[Dataset items]
====
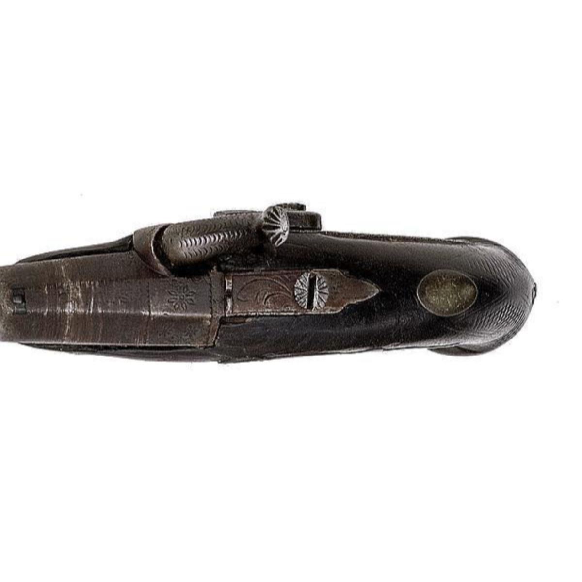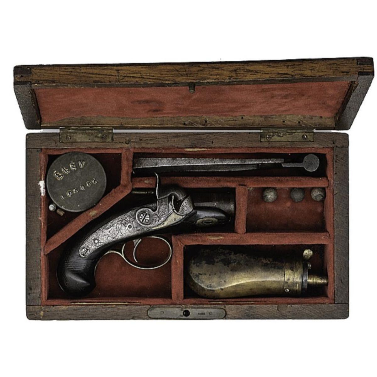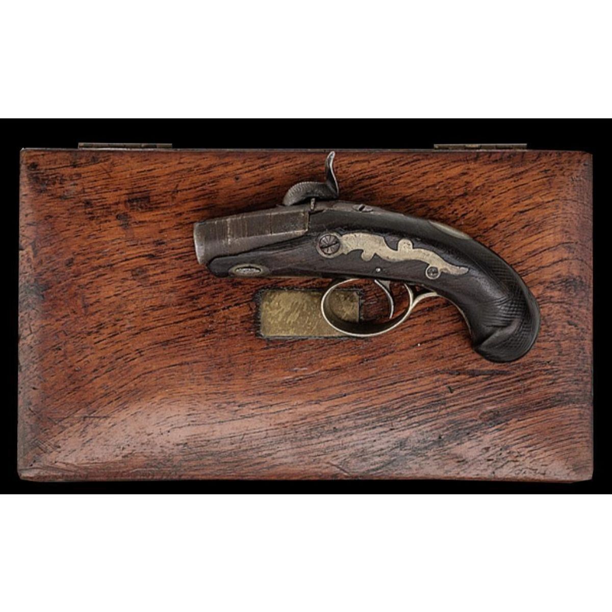 Cased percussion derringer "PEANUT" size, .40 cal., 1" Barrel, overall length 4.5". Left side of barrel with two asterisks engraved and one on top of the breech flat. Engraved lock. German silver furniture. Checkeredwalnut stock. Case is an old dovetail mahogany case with red lining. Derringer has proper style mold with a small plain flask.
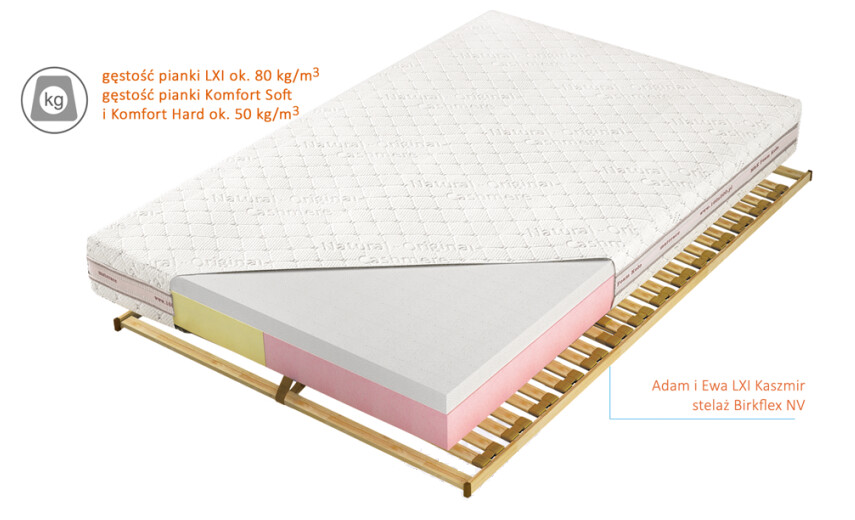 Wkład materaca Adam i Ewa LXI stanowią warstwy pianek Komfort oraz warstwa pianki lateksoidalnej LXI. W materacu występują 2 warianty twardości - H2 - bardziej miękka, oraz H3 - bardziej twarda.
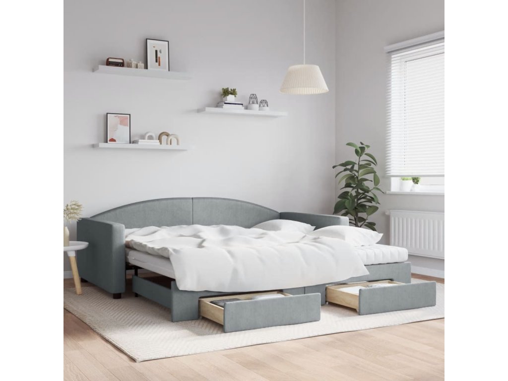 Válenda s přistýlkou a zásuvkami světle šedá 100x200 cm textil 3197247
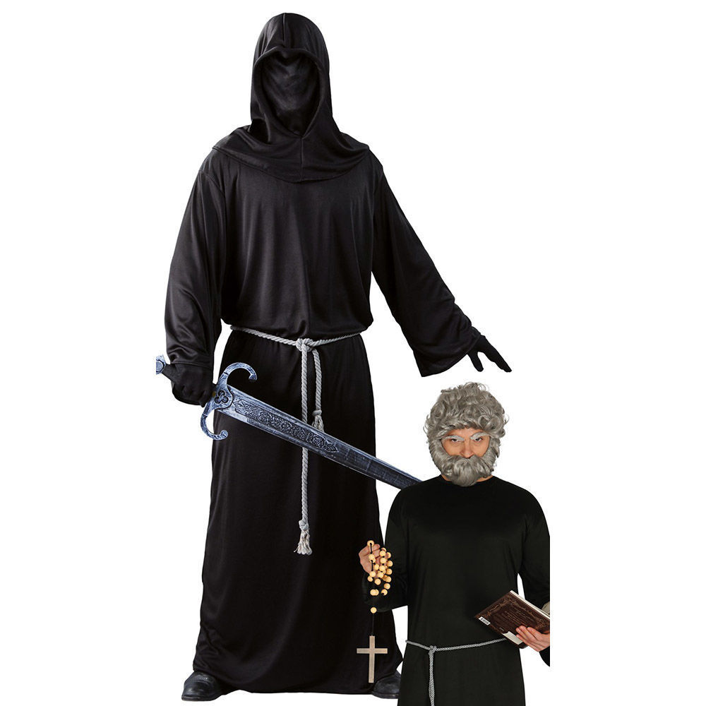 Costume Fantasma Maledetto per adulto taglia 52/54 (L). Include tunica lunga strappata e cappuccio con velo nero. Misure: petto 111 cm, vita 98 cm, fianchi 110 cm.
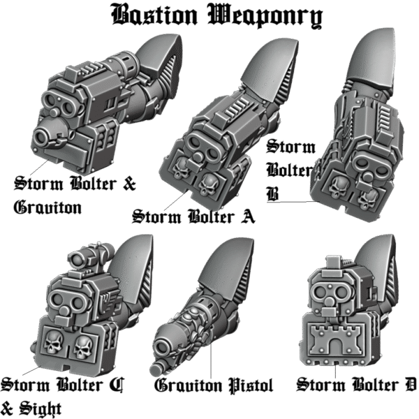 | Storm Bolters & Arms | Storm Bolter & Graviton – Right, Storm Bolter & Graviton – Left, Stor Bolter A – Right, Storm Bolter A – Left, Storm Bolter B – Right, Storm Bolter B – Left, Storm Bolter C & Sight – Right, Storm Bolter C & Sight – Left, Graviton Pistol – Right, Graviton Pistol – Left, Storm Bolter D – Right, Storm Bolter D – Left |
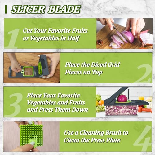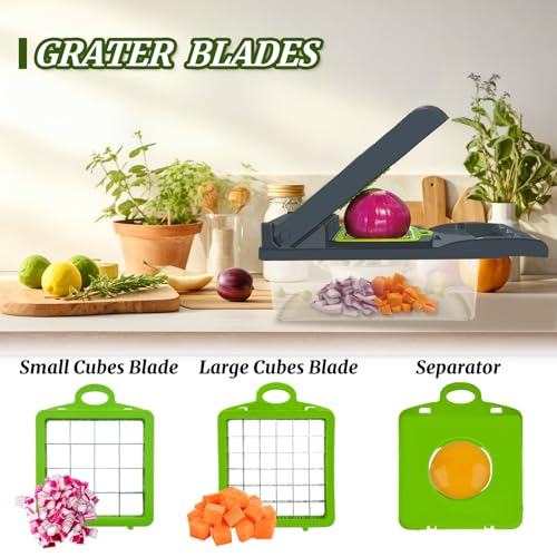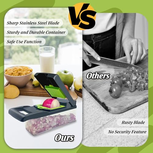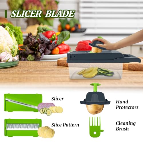 PAWPRO - قطاعة خضروات متعددة الوظائف 14 في 1 مع 3 شفرات و5 شفرات، قطاعة طعام لتقطيع البصل والجزر والطماطم والفواكه
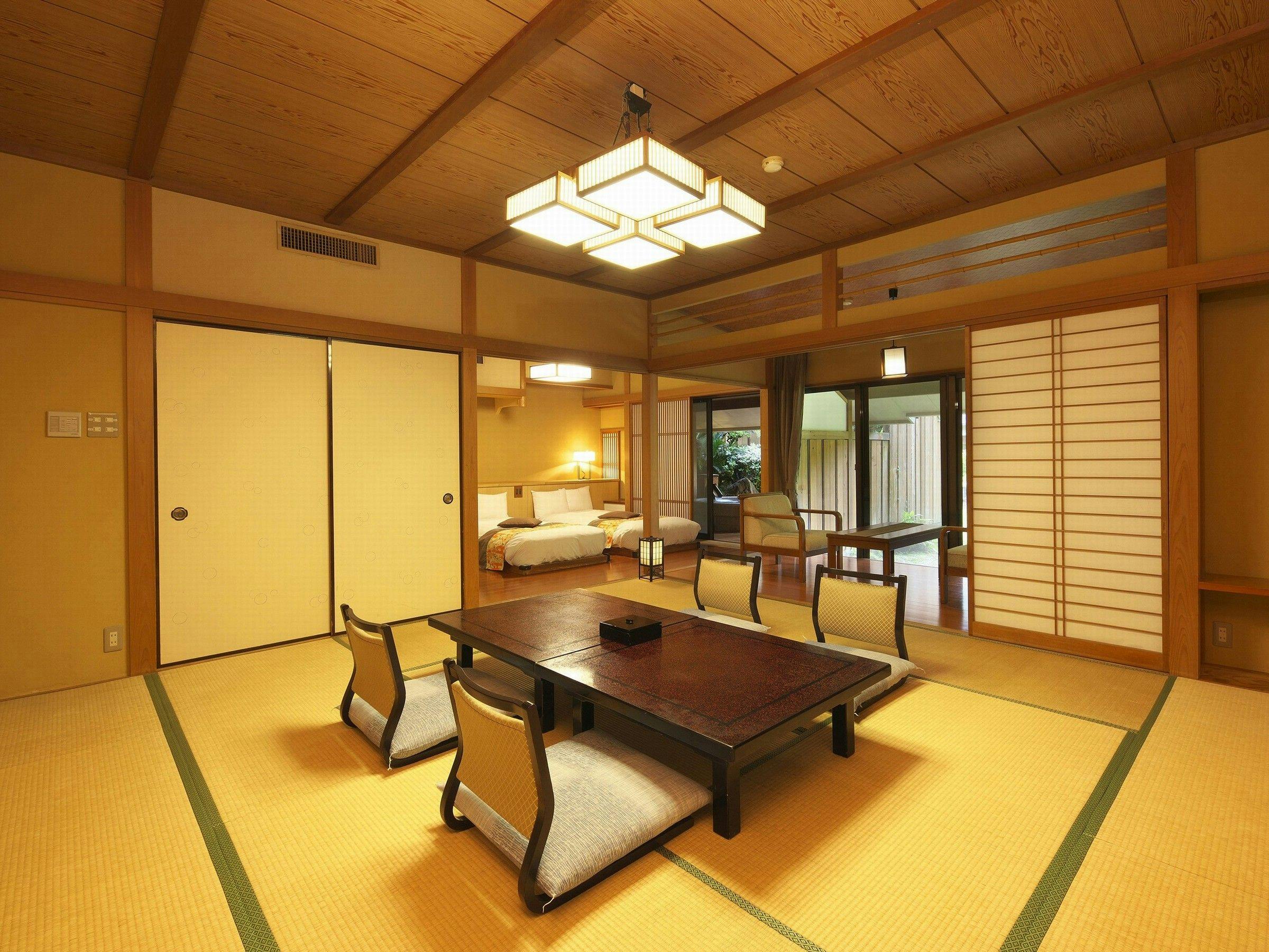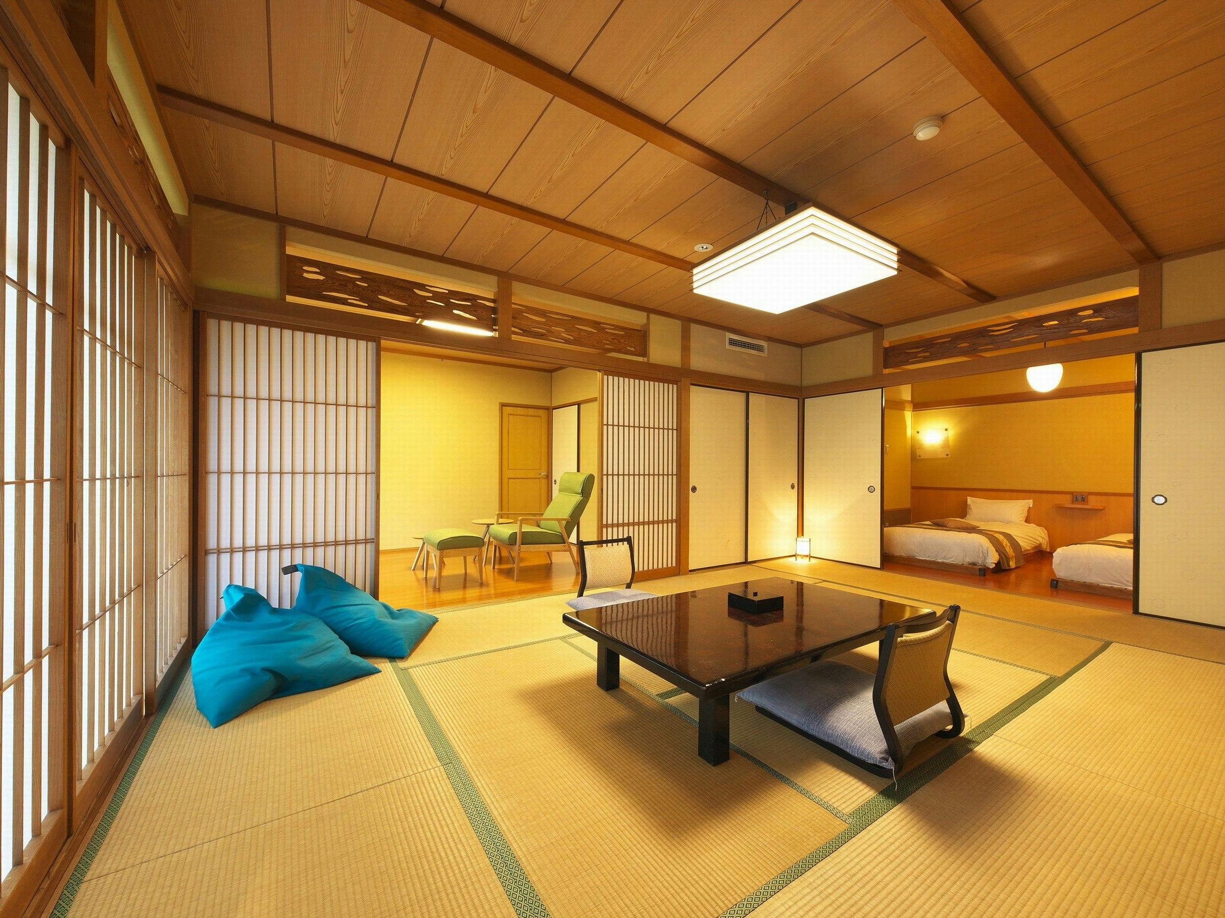 広々とした12畳の和室に、モダンなベッドをご用意したお部屋。
====
Give again, word for word, the line that contains "Costume Fantasma Maledetto" and every line after it through the end of the entries; omit the pictures.

* [Result for this exercise]
 Costume Fantasma Maledetto per adulto taglia 52/54 (L). Include tunica lunga strappata e cappuccio con velo nero. Misure: petto 111 cm, vita 98 cm, fianchi 110 cm.
 | Storm Bolters & Arms | Storm Bolter & Graviton – Right, Storm Bolter & Graviton – Left, Stor Bolter A – Right, Storm Bolter A – Left, Storm Bolter B – Right, Storm Bolter B – Left, Storm Bolter C & Sight – Right, Storm Bolter C & Sight – Left, Graviton Pistol – Right, Graviton Pistol – Left, Storm Bolter D – Right, Storm Bolter D – Left |
 PAWPRO - قطاعة خضروات متعددة الوظائف 14 في 1 مع 3 شفرات و5 شفرات، قطاعة طعام لتقطيع البصل والجزر والطماطم والفواكه
 広々とした12畳の和室に、モダンなベッドをご用意したお部屋。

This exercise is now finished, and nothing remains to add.